◆ **Task to complete**
Write out the listing below character for character, though without its pictures.

◆ **Collected data**
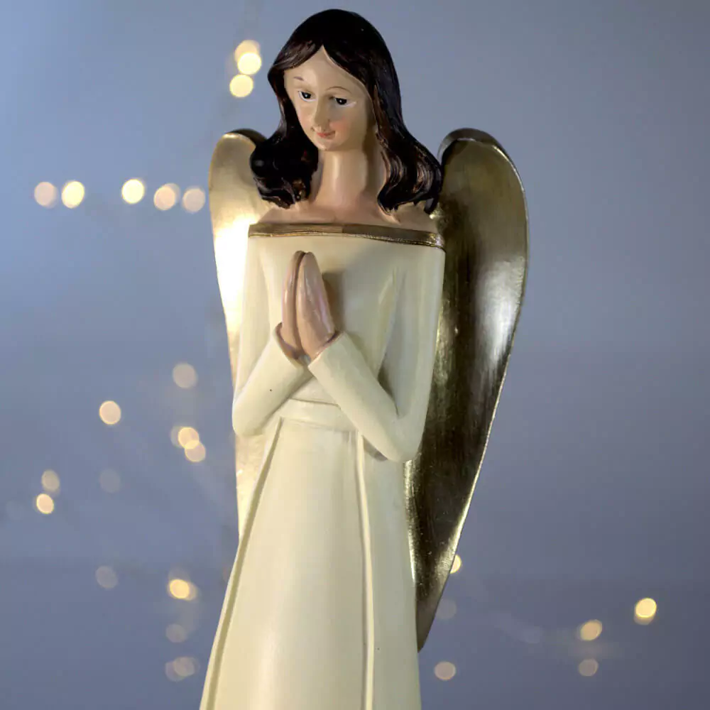 Anjo decorativo feito em resina com as asas douradas para decorar e abençoar sua casa.
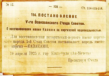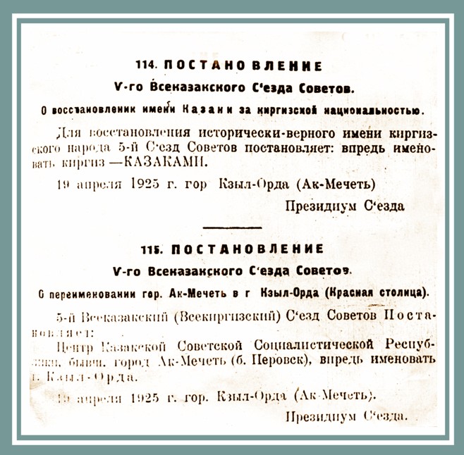 Бұдан 100 жыл бұрын – 1925 жылғы 15-19 сәуірде Ақмешітте болған Қазақстан Кеңестерінің 5-ші съезі Түркістан Республикасындағы Сырдария және Жетісу облыстарының, Бұхара, Хорезм халық республикаларындағы қазақтар да кіретін аумақтардан ұйысқан Қарақалпақ облысының Қазақ Республикасына біріктірілгенін жария етті. Бір шаңырақ астына жиналған біртұтас қазақ елі құрылды, оның мұқтаждықтары қарастырылып, кең көлемді қарарлар қабылданды. Халықтың этникалық аталымы ресми түрде өзіне қайтарылды. Бұрмаланған атаумен ту тіккен қазақтың кеңестік республикасы өз тарихи атымен аталды. Жаңа астанасына заманның және жаңғырып жатқан ұлттың рухына сай келетін айбынды ат берілді.
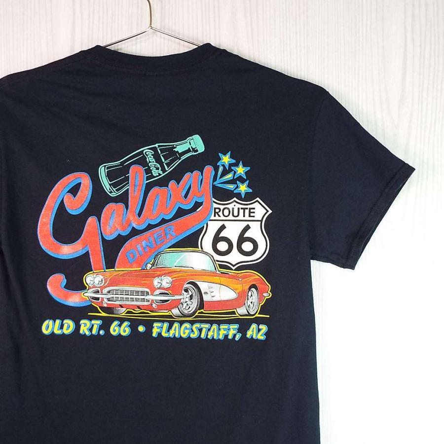 【ROUTE66】10s GILDAN ギルダン ルート66 GALAXY DINER アメ車 ビッグロゴ 両面ラバー カラープリント 半袖Tシャツ Sサイズ(肩幅44cm)ブラック 【湘南倉庫】USメンズブランドフルギ 2010年代

◆ **Task solution**
 Anjo decorativo feito em resina com as asas douradas para decorar e abençoar sua casa.
 Бұдан 100 жыл бұрын – 1925 жылғы 15-19 сәуірде Ақмешітте болған Қазақстан Кеңестерінің 5-ші съезі Түркістан Республикасындағы Сырдария және Жетісу облыстарының, Бұхара, Хорезм халық республикаларындағы қазақтар да кіретін аумақтардан ұйысқан Қарақалпақ облысының Қазақ Республикасына біріктірілгенін жария етті. Бір шаңырақ астына жиналған біртұтас қазақ елі құрылды, оның мұқтаждықтары қарастырылып, кең көлемді қарарлар қабылданды. Халықтың этникалық аталымы ресми түрде өзіне қайтарылды. Бұрмаланған атаумен ту тіккен қазақтың кеңестік республикасы өз тарихи атымен аталды. Жаңа астанасына заманның және жаңғырып жатқан ұлттың рухына сай келетін айбынды ат берілді.
 【ROUTE66】10s GILDAN ギルダン ルート66 GALAXY DINER アメ車 ビッグロゴ 両面ラバー カラープリント 半袖Tシャツ Sサイズ(肩幅44cm)ブラック 【湘南倉庫】USメンズブランドフルギ 2010年代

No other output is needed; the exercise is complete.